Le père Manuel est « un prêtre auto­ri­taire qui fait peur à tout le monde », répand la rumeur à son arrivée à Gaza en 1995, à la tête d’une minuscule com­mu­nauté de 200 âmes au milieu d’un million et demi de musulmans. Chaque dimanche à la messe, il arrive à l’autel en chantant, puis il joue de l’orgue, éteint les lumières de la nef pour que ses ouailles écoutent mieux l’Évangile, et il prêche debout, vingt minutes d’affilée. Son entregent, rapi­dement, fait mer­veille auprès des cheikhs et des ministres qu’il visite. Mais c’est à l’école qu’il rayonne. Le père Manuel ne craint pas d’y rétablir la mixité, quitte à faire grincer des dents dans une société tra­di­tion­nelle. Il décharge les mères des leçons pour en replacer la tâche sur les enfants, qu’il veut rendre maître de leur destin. « J’ose dire que j’ai vécu une expé­rience de paternité, voire de fécondité avec tous ces enfants, tant je me sentais un peu leur père, mais peut-​​être encore plus leur mère. »

Laïcs ou isla­mistes, les diri­geants de la bande de Gaza rendent hommage à son action éducative. Et lui n’est pas peu fier d’avoir eu la plupart des enfants des ministres du mou­vement inté­griste Hamas à son école.

Toute sa vie, Abouna Manuel est resté fidèle à son double enga­gement envers le Christ et sa terre de Palestine. Il eut des rela­tions fra­ter­nelles avec les musulmans, qui l’appelaient souvent « cheikh Manuel ». Mais il garde une lucidité sur les dif­fi­cultés de la relation avec la société musulmane. « Nous n’avons pas la même vision du monde, dit-​​il. Notre vocation de chré­tiens, c’est le vivre ensemble uni­versel. Pour l’islam, c’est la communauté. »

Aujourd’hui encore, il lutte contre ceux qui ont ten­dance à consi­dérer les chré­tiens pales­ti­niens comme des « nou­veaux croisés », des « étrangers sur leur propre terre ». Mais il cherche aussi à faire com­prendre à ses core­li­gion­naires que leur force, « c’est la citoyenneté ». « Ils ont peur, dit-​​il, mais ils ne sont pas persécutés. »

On le devine en conflit parfois avec sa hié­rarchie, à Jéru­salem et à Rome. « Le pape est venu chez nous en Terre sainte d’abord en chef d’État, et ensuite seulement en porte-​​parole du Christ. Ce devrait être l’inverse », regrette le père Manuel. « Un homme libre, qui annonce à temps et à contre­temps, la position de son église, et à travers elle, le message de paix et de justice de l’Évangile », selon Jean-​​Claude Petit.

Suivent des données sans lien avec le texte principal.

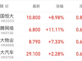 截至收盘,中国恒大大涨8.98%,恒大物业大涨7.33%,恒腾网络大涨11.11%,恒大汽车涨2.28%。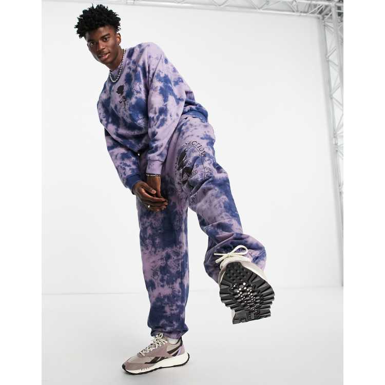 ASOS DESIGN co ord oversized joggers in purple tie dye with rose

L’échec de la paix avec Israël, les divi­sions pales­ti­niennes, le blocus de Gaza imposé par l’État hébreu ? Les ressacs de l’Histoire le désolent. La poli­tique coule dans les veines de ce déraciné, membre du dépar­tement « Monde chrétien » au sein de l’OLP. Mais Abouna Manuel se méfie du pouvoir. Le Hamas voulait le nommer ministre. Il a refusé. Le Fatah tenait à le pré­senter aux élec­tions légis­la­tives. Il a dit non. « Il n’est pas question un seul instant de laisser mon Christ pour suivre Ismail Hanyeh ou Mahmoud Abbas », jure-​​t-​​il.

[1] « Curé à Gaza ». Manuel Mous­sallam (entre­tiens avec Jean-​​​​Claude Petit). L’aube. (200 pages-​​​​18 euros).